Acting as a new paradigm for community-oriented development, this studio aims to construct a Day Care Center that also serves as a cyclone shelter.

Our site is in one of the most vulnerable settlements: a Rohingya camp in Bangladesh. This cyclone and flood-prone area currently houses almost 1 million refugees. Our clients are children, who have been exposed to a multitude of traumatic experiences. When design is so often perceived as an edification of everyday life, what does this mean in that context?

Our challenge is to evoke the archaic experience of human building and to capture a phenomenological diversity from the few resources available: mud, bamboo and craftsmen from the camp. The aim is to design a functional, beautiful building and also to design the process of construction.

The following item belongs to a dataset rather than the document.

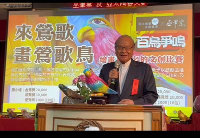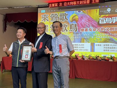 中華文化藝術總院院長、中華學術文教基金會董事長高崇雲講座教授偕同基金會王海倫執行長、高鵬翔董事應亞太陶藝文創協會楊乃翰理事長邀請,出席7月10日下午二時第一屆百鳥爭鳴來鶯歌畫鶯歌頒獎典禮,當天貴賓雲集,包括鶯歌區公所曾明華區長、洪佳君議員代表、蘇巧慧立委代表、新北市美術館蘇柏琪副館長、行銷發展部王凱薇主任、新北市陶瓷釉藥研究協會李松萬理事長、救國團江智文會長、龍華科技大學倪建芝系主任、碧龍宮何少芸顧問、鶯歌工商顏龍源校長以及參賽人、得獎人將近200位貴賓參與,共襄盛舉,在共同主辦單位曾區長致歡迎詞之後由高崇雲總院長首先致詞表示:「百鳥爭鳴活動不僅是闡明鶯歌為陶瓷之都的事實,而且同時開創了新北市文化觀光的新領域,曾局長、洪佳君議員、蘇巧慧立委等官員及民意代表對於地方文化藝術宣揚方面的貢獻頗值肯定,而楊乃翰當選亞太陶藝文創協會理事長以來,勵精圖治,推動陶瓷藝術的發展以及對鶯歌在地陶瓷的宣揚不遺餘力,值得讚嘆!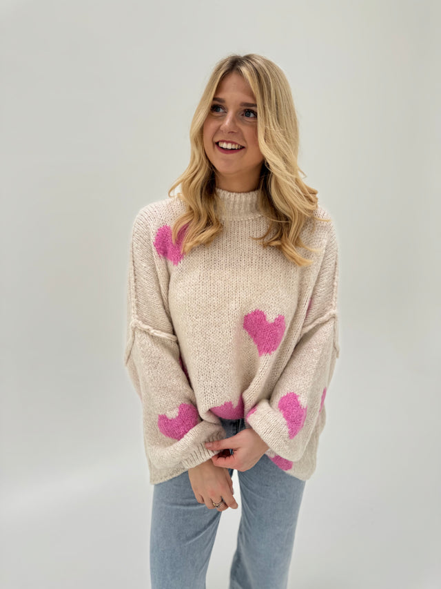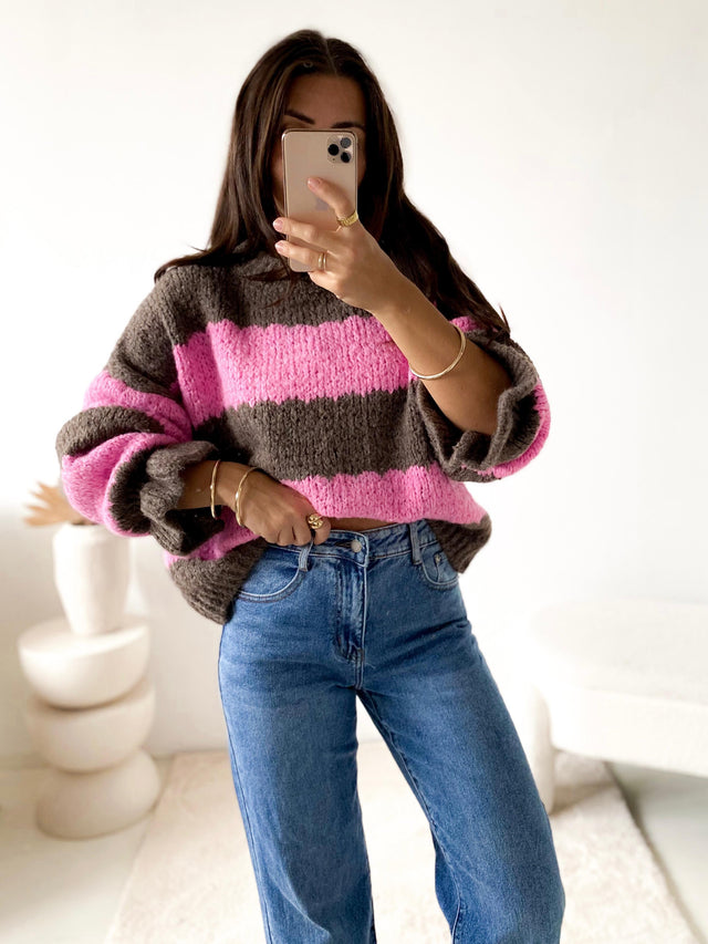 Kuschelweicher Strickpullover LITTLE STRIPES ChocolatexPink

With a sensitive choice of materials, technical details, and participatory processes, the building should foster local economy, create know-how to improve living conditions in the camp and support a bottom-up form of capacity development for and with communities.

We will develop the final program together, based on in-depth engagement with the Rohingya. We anticipate a structure with close connection between the indoors and outdoors, focused around spaces for playing and learning, a kitchen, systems for water and sanitation, and emergency spaces for cyclone conditions.

A field trip to a Rohingya camp in Bangladesh will include a hand-on workshop on building with local materials. Martin Rauch, renowned earth building expert, will co-teach this workshop.

This course has an irregular meeting schedule.

Anna Heringer will be in residence August 30 and 31, September 5 and 6, October 10, 11, 24, and 25, November 7, 8, 14, 15, 28, and 29, and December 10, 11, or 12 for Final Reviews.

The instructor will also be available via Skype to account for “off-week” missed time.